Around the Web; Davy Jones Goes to His Locker Edition

The Paleo Summit continues: today we have Cate Shanahan, Keith Norris, and Daniel Chong; tomorrow the summit wraps up with Jimmy Moore, Stephanie Greunke, and Dean Dwyer.

To download the full set of videos, you can buy the Paleo Summit upgrade package:

[1] Music to read by: Davy Jones passed away at 66 from a heart attack:

He looked good 8 months ago, just overweight:

One more for the road:

[2] Interesting items:

Beth Mazur organized discussions at PaleoHacks for each of the Paleo Summit talks. Here is a list:

Jimmy Moore asks, “What’s With The Antagonism About Low-Carb From The Paleo Community Lately?

Richard Nikoley‘s ideas have been sipping scotch in the back of his mind, and now that his safe starch experiment is going well, they’re ready to come out:

Four days in, and I’m averaging 300-400 calories below what I was averaging before. I feel more full on average, more satisfied, sleep WAY better, and have a mental go-for-it attitude I haven’t felt since I was on that high-fat diet, in caloric deficit and losing 60 pounds.

I’ve lost between 2 and 3 pounds since weighing in Saturday morning when this all began.

SCD Kat is giving up starches after contracting appendicitis. Get well soon, Kat!

J Stanton gives us the next big thing: the Australopithecine Paleo Diet.

Conner Whitney, cancer survivor, chef, and author of Zest for Life: The Mediterranean Anti-Cancer Diet, explains healthy ways to create processed meats, including home-made bacon.

Bruce Charlton reports that nerve function has degraded 35% since the 1880s. He thinks it’s due to genetic changes; I would put my money on dietary changes and the evolution of chronic infectious pathogens since the invention of plumbing and water treatment.

Fight Aging! notes a 1929 study in which rats lived 10% longer when some of their dietary wheat was replaced with milk. Elsewhere, Fight Aging! notes that HDAC inhibitors can reverse Alzheimer’s in a mouse model. This is interesting, because many foods contain HDAC inhibitors, and HDAC inhibitors are also effective against cancer, as I will blog about in my next cancer post.

We’re pleased to be featured in “Dan’s Report”.

Dan’s Plan reprints a post by JD Moyer that starts with the links between Toxoplasma infection and traffic accidents, and ends by saying you should drag your doctor into the modern era.

A Mongolian-trained Harvard doctor thinks modern milk has too much progesterone.
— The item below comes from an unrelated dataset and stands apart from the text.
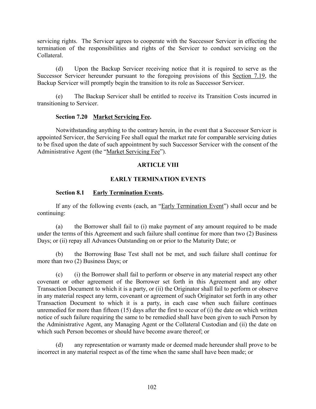 servicing rights. The Servicer agrees to cooperate with the Successor Servicer in effecting the termination of the responsibilities and rights of the Servicer to conduct servicing on the Collateral. (d) Upon the Backup Servicer receiving notice that it is required to serve as the Successor Servicer hereunder pursuant to the foregoing provisions of this Section 7.19, the Backup Servicer will promptly begin the transition to its role as Successor Servicer. (e) The Backup Servicer shall be entitled to receive its Transition Costs incurred in transitioning to Servicer. Section 7.20 Market Servicing Fee. Notwithstanding anything to the contrary herein, in the event that a Successor Servicer is appointed Servicer, the Servicing Fee shall equal the market rate for comparable servicing duties to be fixed upon the date of such appointment by such Successor Servicer with the consent of the Administrative Agent (the “Market Servicing Fee”). ARTICLE VIII EARLY TERMINATION EVENTS Section 8.1 Early Termination Events. If any of the following events (each, an “Early Termination Event”) shall occur and be continuing: (a) the Borrower shall fail to (i) make payment of any amount required to be made under the terms of this Agreement and such failure shall continue for more than two (2) Business Days; or (ii) repay all Advances Outstanding on or prior to the Maturity Date; or (b) the Borrowing Base Test shall not be met, and such failure shall continue for more than two (2) Business Days; or (c) (i) the Borrower shall fail to perform or observe in any material respect any other covenant or other agreement of the Borrower set forth in this Agreement and any other Transaction Document to which it is a party, or (ii) the Originator shall fail to perform or observe in any material respect any term, covenant or agreement of such Originator set forth in any other Transaction Document to which it is a party, in each case when such failure continues unremedied for more than fifteen (15) days after the first to occur of (i) the date on which written notice of such failure requiring the same to be remedied shall have been given to such Person by the Administrative Agent, any Managing Agent or the Collateral Custodian and (ii) the date on which such Person becomes or should have become aware thereof; or (d) any representation or warranty made or deemed made hereunder shall prove to be incorrect in any material respect as of the time when the same shall have been made; or 102
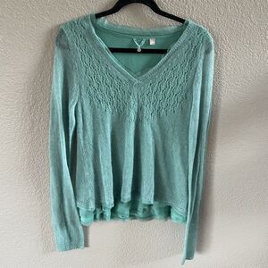 Condition: this nice dainty sea foam green sweater with pointelle design is in very good used condition.. actually never worn with extra yarn bag still attached but with a tiny puncture hole on Bottom sheer hem . Sleeves are sheer with lined bodice

Mongolian milk is much healthier.

Cate Shanahan thinks that the elevation of rT3 and decrease of T3 thyroid hormone sometimes seen on extreme low-carb diets is due to abrupt reduction in carb intake. I think it’s due to the body being unable to manufacture enough glucose to meet its needs.

Jack Kruse offered two posts: First, why you shouldn’t eat a banana if you find yourself in Calgary, Canada on Dec 31st. Second, why the death of a patient from cold taught him that we should expose ourselves to cold. Melissa McEwen thinks Jack’s posts deserve criticism. Melissa’s post has a vigorous comment thread that includes comments by me, Chris Kresser, Kurt Harris, Steve Parker, and others.

Walking the dog can be hazardous to your health.

The New York Times reports: postprandial blood glucose will be better regulated if you keep moving.

Stephan Guyenet reports that more palatable foods are less satiating.

More on food reward: The history of toothpaste shows that the Flavorists were already getting started in the early 1900s.

Paleo ideas are going mainstream: FoxNews has a slide show featuring nutritionist Carol Cottrill’s advice to avoid processed foods.

Dr Steve Parker reviews Mark Hyman’s book, which is #1 on Amazon.

Robert Su asks: what does it mean if you can hear your heartbeat?

Judy Tsafrir discusses the FODMAP diet.

Via Ruthie, cuddling dying pets can sometimes give the owner a life-threatening infection. A hospital in Akron, Ohio, saw three such cases in a year.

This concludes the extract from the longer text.